With Liz Truss's premiership on the rocks after just six weeks, who could replace her in yet another Tory leadership contest?
The PM's attempt to scapegoat her chancellor Kwasi Kwarteng for market chaos prompted by policies she trailed in her summer campaign to succeed Boris Johnson may not be enough to placate her party.
Conservative MPs are reportedly already sharpening the knives and drafting letters to Sir Graham Brady, chairman of the powerful back-bench 1922 Committee with the power to open up challenges for the top job.
Third Time Lucky for Hunt?
Jeremy Hunt's dismal showing in the last Conservative leadership race this summer — knocked out in the first round of balloting of Tory MPs — seemed to be the final nail in the coffin of his political career.
The opponent of Brexit came a distant second to Johnson in the 2019 leadership election, prompted by Theresa May's resignation over rising discontent with her 'soft Brexit' approach to talks with Brussels.
Many of the Remainer faction that Hunt tacitly represented then tried to derail the Withdrawal Agreement negotiations, with a score of MPs siding with the opposition in a bid to force a re-run of the 2016 referendum. Johnson deftly crushed them and won a landslide victory in the December 2019 general election.
But Hunt's surprise appointment as chancellor on Friday — following Kwarteng's forced resignation — catapulted him back from the political wilderness to the second most-powerful office of state.
If reversing Truss and Kwarteng's tax cuts stabilises the exchange and interest rates along with the opinion polls, that will burnish Hunt's credibility as a future PM. But he risks the stigma of being the chancellor who simultaneously raised taxes — anathema to the Tories — and cut spending on aid to families and businesses during the energy crisis.
Back so Soon-ak?
Former chancellor Rishi Sunak is the obvious outside challenger. Along with Sajid Javid, he led the mass walk-out from cabinet that forced Boris Johnson's resignation in July.
That Brutus-like twist of the knife may have been what cost him the Number 10 spot, with Truss touted as the 'continuity Boris' candidate during her campaign.
But the new PM quickly ditched large parts of Johnson's radical agenda, including selling off the staunchly-liberal Channel 4 TV network that few realised was publicly-owned.
And now that Truss has U-turned on her campaign promise to cancel the tax rises which Sunak imposed — to pay back massive government borrowing during the COVID-19 pandemic — there is little clear blue water between them for grass-roots Conservatives.
From Defence to Offence
Defence Secretary Ben Wallace was hotly tipped as potential replacement for Johnson in the summer, but dropped out before the first round of voting to endorse Truss.
Both are leading proponents of confrontation with Russia in Ukraine — the policy that amplified the energy and inflation crises that may prove the new PM's undoing.
Sources close to Wallace told journalists at the weekend that he may quit in protest if Hunt imposes cuts on his department just as it is clearing out the arsenals to arm the Kiev regime.

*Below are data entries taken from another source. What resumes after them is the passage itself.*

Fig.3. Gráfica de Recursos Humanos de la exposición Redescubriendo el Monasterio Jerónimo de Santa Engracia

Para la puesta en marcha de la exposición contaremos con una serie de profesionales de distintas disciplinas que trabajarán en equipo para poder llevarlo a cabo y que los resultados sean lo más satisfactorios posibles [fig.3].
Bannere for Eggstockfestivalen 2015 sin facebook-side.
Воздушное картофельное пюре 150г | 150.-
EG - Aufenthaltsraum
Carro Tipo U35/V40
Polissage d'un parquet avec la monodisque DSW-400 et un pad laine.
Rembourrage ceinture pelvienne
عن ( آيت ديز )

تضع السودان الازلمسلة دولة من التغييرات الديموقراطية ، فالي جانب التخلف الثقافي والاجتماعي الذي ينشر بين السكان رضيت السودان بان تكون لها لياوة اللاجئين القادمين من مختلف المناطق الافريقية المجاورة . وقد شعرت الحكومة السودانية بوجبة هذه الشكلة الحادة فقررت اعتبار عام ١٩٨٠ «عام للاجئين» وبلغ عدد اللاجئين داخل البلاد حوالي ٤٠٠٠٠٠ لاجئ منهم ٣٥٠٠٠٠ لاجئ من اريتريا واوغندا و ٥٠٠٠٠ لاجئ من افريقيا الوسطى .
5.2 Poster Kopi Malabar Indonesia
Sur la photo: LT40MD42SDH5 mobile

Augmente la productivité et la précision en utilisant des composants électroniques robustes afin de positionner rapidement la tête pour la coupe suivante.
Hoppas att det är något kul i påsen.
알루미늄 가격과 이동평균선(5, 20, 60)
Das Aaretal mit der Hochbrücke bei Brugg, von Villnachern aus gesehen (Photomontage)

That could set him up as an opponent to Hunt who could win support from the more-bellicose side of the Conservative party, which includes fellow Europhiles Tom Tugendhat and Tobias Ellwood.
Ladies First
Perhaps ironically, the Conservative Party has a monopoly on female British prime ministers: Margaret Thatcher, May and now Truss.
Third and fourth place in the summer's leadership race went to the unflappable Penny Mordaunt and the energetic young Kemi Badenoch, who emerged as the party members' favourite but failed to make it onto the mass ballot between the top two candidates.

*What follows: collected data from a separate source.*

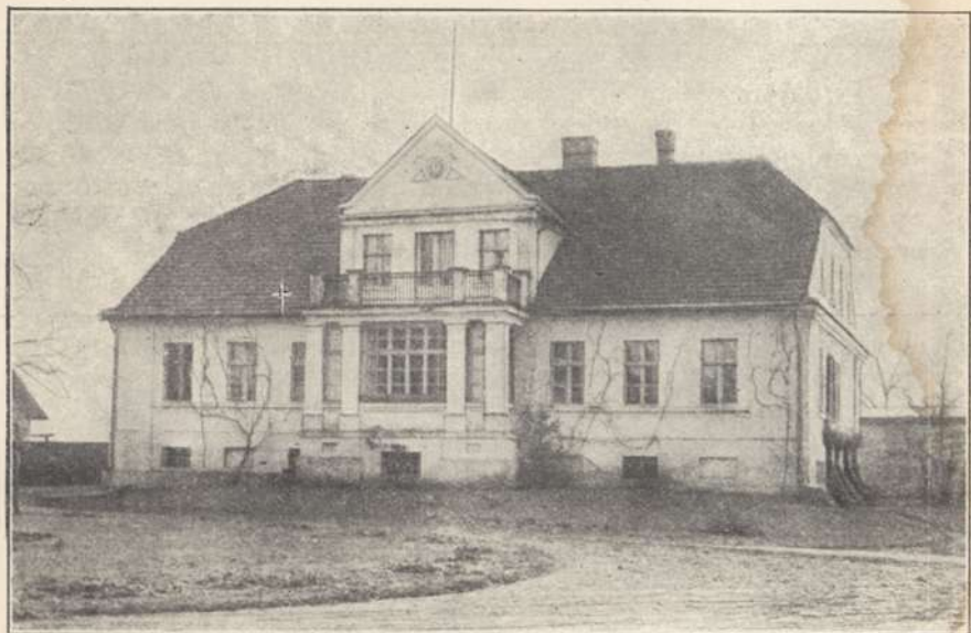
Oficyna: pokój Mickiewicza +.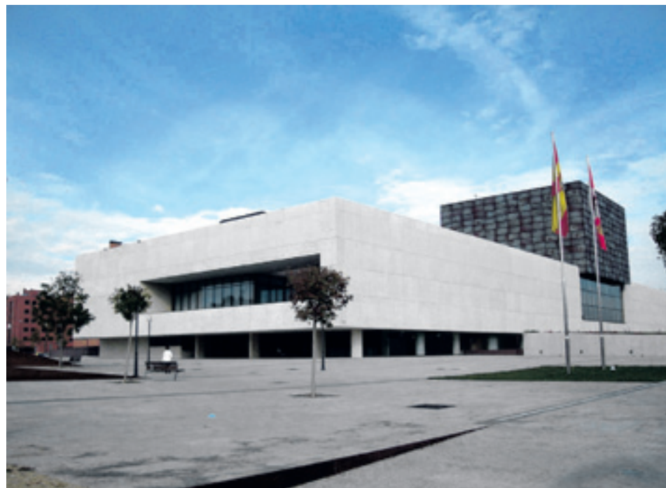
Exterior de la Fundación Villalar Castilla y León en la plaza de Cortes de Castilla y León.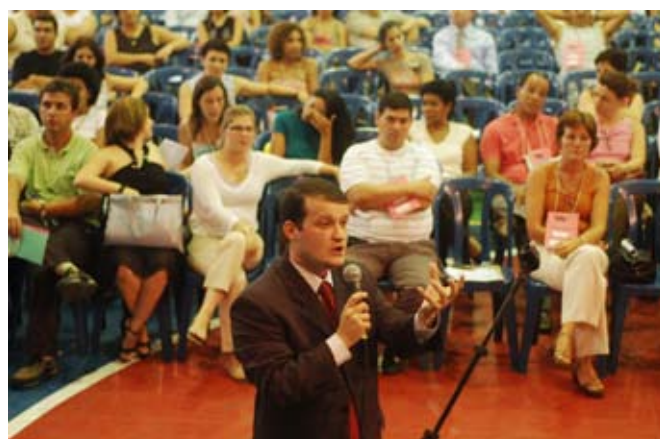
Cooperados expressam suas opiniões.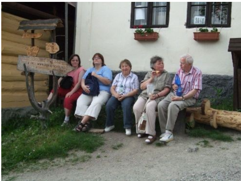
Foto1+2:Sborový zájezd na Slovensko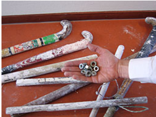
Moeren, hockeysticks en loden pijpen.

Op last van burgemeester Job Cohen werd het pand opnieuw ontruimd. Cohen zei in een reactie zowel de mishandeling als de beschieting van de politie ten sterkste af te keuren. Hij liet weten dat volgens de eigenaar wel degelijk nieuwe bewoners in het pand zullen trekken.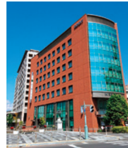
ながぎん松本センタービル完成（2004年）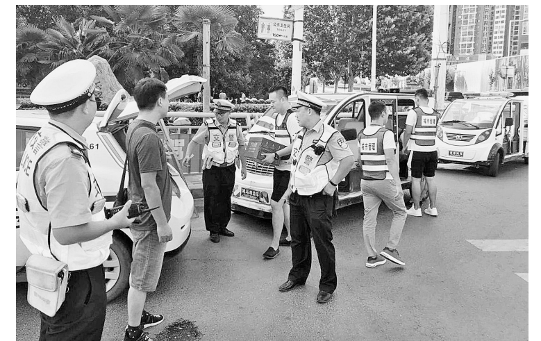
铭路街道城市管理工作人员联合交警三大队一中队对辖区交通进行综合整治,为道路交通畅通保驾护航。

特色一方案”精准施治的原则,提升楼院的硬件设施和软件“装备”,努力实现无主管楼院小环境与周边环境和谐发展。通过网上招投标,公开招聘物业管理服务机构,对辖区49个无主管楼院进行外包管理,规范清扫保洁、秩序维护、日常维修人员的服务行为,实现无主管楼院亮、净、美、绿、畅的效果。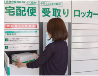
右: ネコサポステー ション前に設置された 宅配ロッカーは、24時 間、365日受け取り可能

An earlier drop-out from the contest was Suella Braverman, who gained cabinet-level experience as Johnson's attorney general. In September was promoted by Truss to Home Secretary — one of the four 'great offices of state' — making her the second Afro-Asian woman to hold the job after her predecessor Priti Patel.

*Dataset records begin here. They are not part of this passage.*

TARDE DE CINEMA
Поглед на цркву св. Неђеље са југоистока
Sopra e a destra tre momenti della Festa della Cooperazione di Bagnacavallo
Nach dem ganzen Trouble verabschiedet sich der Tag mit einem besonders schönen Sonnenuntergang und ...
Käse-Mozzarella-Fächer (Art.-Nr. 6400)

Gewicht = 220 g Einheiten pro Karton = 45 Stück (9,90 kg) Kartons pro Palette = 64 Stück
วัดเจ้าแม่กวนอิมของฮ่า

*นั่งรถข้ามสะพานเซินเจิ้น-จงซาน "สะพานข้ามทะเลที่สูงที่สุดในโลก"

While the Tories officially deride tokenism and identity politics as a fetish of the opposition Labour Party, they have been keen to beat them in the diversity stakes. Having the first ethnic minority PM — barring New York-born Johnson's Russian-Jewish-Turkish-Muslim heritage — would be a major coup for them.
Cincinnatus Lays Down His Plough
To labour the Roman metaphors a little more, Johnson declared in his farewell speech that he would "return to his plough" like fifth-century BC Roman dictator Lucius Quinctius Cincinnatus.
Given that Cincinnatus came out of his rural retirement years later to lead the republic once more, many pundits took that comment as a coded vow by BoJo to re-conquer Downing Street.
But Boris may be keeping his powder dry for a leadership challenge following the next general election — assuming the polls keep pointing to a Tory defeat. It may be better in the long-term to return as leader of the opposition against an unstable coalition of Labour, the Liberal Democrats and Scottish Nationalists than to be the leader who lost to them.
But to be PM, one must first be an MP, and Johnson's current 7,500 majority in his Uxbridge and South Ruislip constituency may not be safe enough. There are rumours that he could succeed Crispin Blunt, who is stepping down at the next election, in the rock-solid Tory seat of Reigate in Surrey.